JOURNAL ARTICLE

Neutrophil count and the inflammation-based glasgow prognostic score predict survival in patients with advanced gastric cancer receiving first-line chemotherapy

Qing-Qing Li, Zhi-Hao Lu, Li Yang, Ming Lu, Xiao-Tian Zhang, Jian Li, Jun Zhou, Xi-Cheng Wang, Ji-Fang Gong, Jing Gao, Jie Li, Yan Li, Lin Shen
Asian Pacific Journal of Cancer Prevention: APJCP 2014, 15 (2): 945-50
24568523

PURPOSE: To explore the value of systemic inflammatory markers as independent prognostic factors and the extent these markers improve prognostic classification for patients with inoperable advanced or metastatic gastric cancer (GC) receiving palliative chemotherapy.
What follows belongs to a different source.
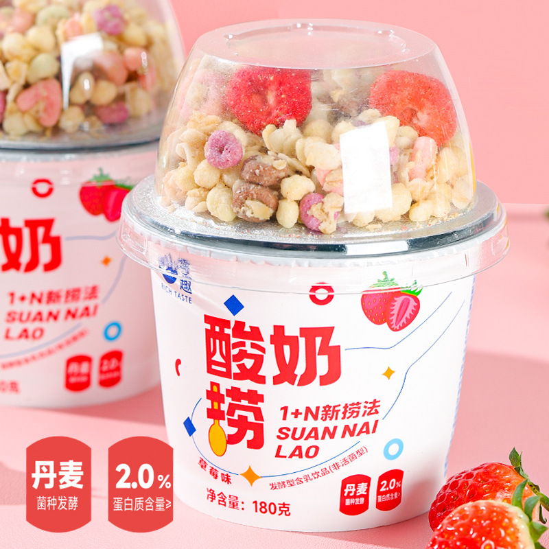 ヨーグルトをかき混ぜてイチゴのパイナップルの蜜をすくいます。

METHODS: We studied the prognostic value of systemic inflammatory factors such as circulating white blood cell count and its components as well as that combined to form inflammation-based prognostic scores (Glasgow Prognostic Score (GPS), Neutrophil-Lymphocyte Ratio (NLR), Platelet Lymphocyte Ratio (PLR), Prognostic Index (PI) and Prognostic Nutritional Index (PNI)) in 384 patients with inoperable advanced or metastatic gastric cancer (GC) receiving first-line chemotherapy. Univariate and multivariate analyses were performed to examine the impact of inflammatory markers on overall survival (OS).

RESULTS: Univariate analysis revealed that an elevated white blood cell, neutrophil and/or platelet count, a decreased lymphocyte count, a low serum albumin concentration, and high CRP concentration, as well as elevated NLR/PLR , GPS, PI, PNI were significant predictors of shorter OS. Multivariate analysis demonstrated that only elevated neutrophil count (HR 3.696, p=0.003) and higher GPS (HR 1.621, p=0.01) were independent predictors of poor OS.

CONCLUSION: This study demonstrated elevated pretreatment neutrophil count and high GPS to be independent predictors of shorter OS in inoperable advanced or metastatic GC patients treated with first-line chemotherapy. Upon validation of these data in independent studies, stratification of patients using these markers in future clinical trials is recommended.